Шар словно хотел передать мне что-то, сообщить нечто очень важное, и мне казалось, что в нем заключено некое откровение, близкое к озарению, которое вот-вот откроет мне великую истину, и в то же время что-то во мне сопротивлялось, не желая знать того, что мог сообщить мне шар. Я погрузился во внутреннюю борьбу, и, видимо, это отразилось на моем лице.
Я почувствовал, как рука Лин мягко легла мне на плечо. — Не отвергай эту часть себя, — сказала она. — Даже если ты узнаешь то, что тебе неприятно, это не имеет значения. Достаточно лишь отключиться от чувств и стать чистым сознанием, чтобы то, что происходит, перестало тебя волновать. Этот кирпичик — не ты, а всего лишь неправильно интерпретированная и интегрированная в твою личность часть травмирующего опыта. Нет смысла бороться с ней, отрицая ее. Так она никуда не исчезнет.
Воин жизни осознает и признает деформированные кирпичики своей личности, а потом он избавляется от деформации, перестраивая их в позитивные и жизнеутверждающие единицы осознания.

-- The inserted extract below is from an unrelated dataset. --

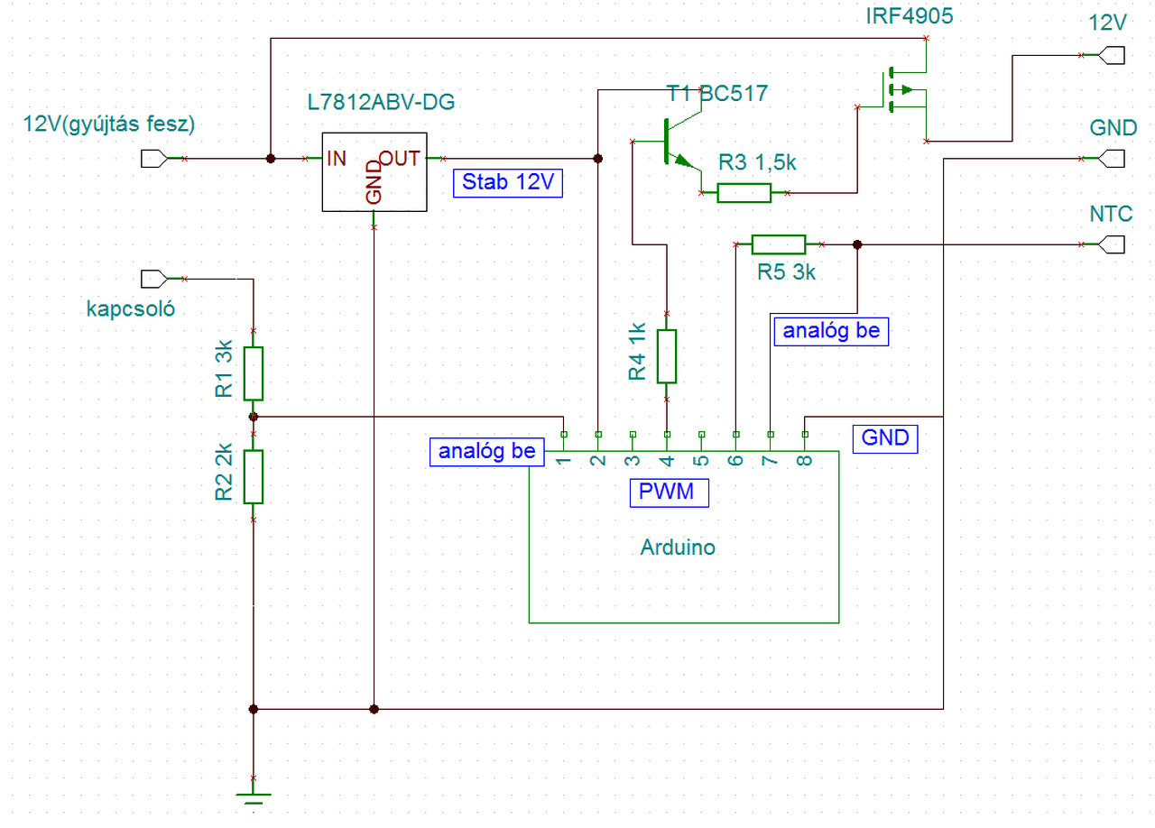 A MOSFET bekötése így nem lesz jó. A source lábát 0V-ra kell kötni a fűtőszálat pedig a drain és a +12V közé. (open drain output)

Войди внутрь того, что ты не хочешь признать, и о чем ты не хочешь вспоминать. Будь только осознанием, наблюдающим то, что находится там. Отключи свои чувства.
Двумя руками я прогладил лицо жестом «спокойствие», и это действие почти мгновенно вернуло мне состояние отрешенности. Я снова почувствовал в себе стороннего наблюдателя, и то, что происходит, стало для меня всего лишь очередным упражнением вроде тренировки с Учителем по преодолению боли. Если мне удавалось переносить сильнейшую физическую боль, разве могли испугать меня кирпичики тяжелых воспоминаний?
Мое сознание сконцентрировалось, превратившись в нож или стрелу, и это острие сознания вонзилось в темную массу шара, давящего меня изнутри.
Что-то взорвалось во мне, и я увидел себя раздвоившимся. Одной моей частью был сторонний наблюдатель, а другим — я сам, отождествившийся с тем самым кирпичиком моей личности. Мое второе «я» не очень-то нравилось мне.
— Женщины — проклятые лгуньи, им нельзя доверять, — сказал я неприятным, исказившимся от ненависти голосом.
— Это установка, — спокойно сказала Лин. — Иди дальше.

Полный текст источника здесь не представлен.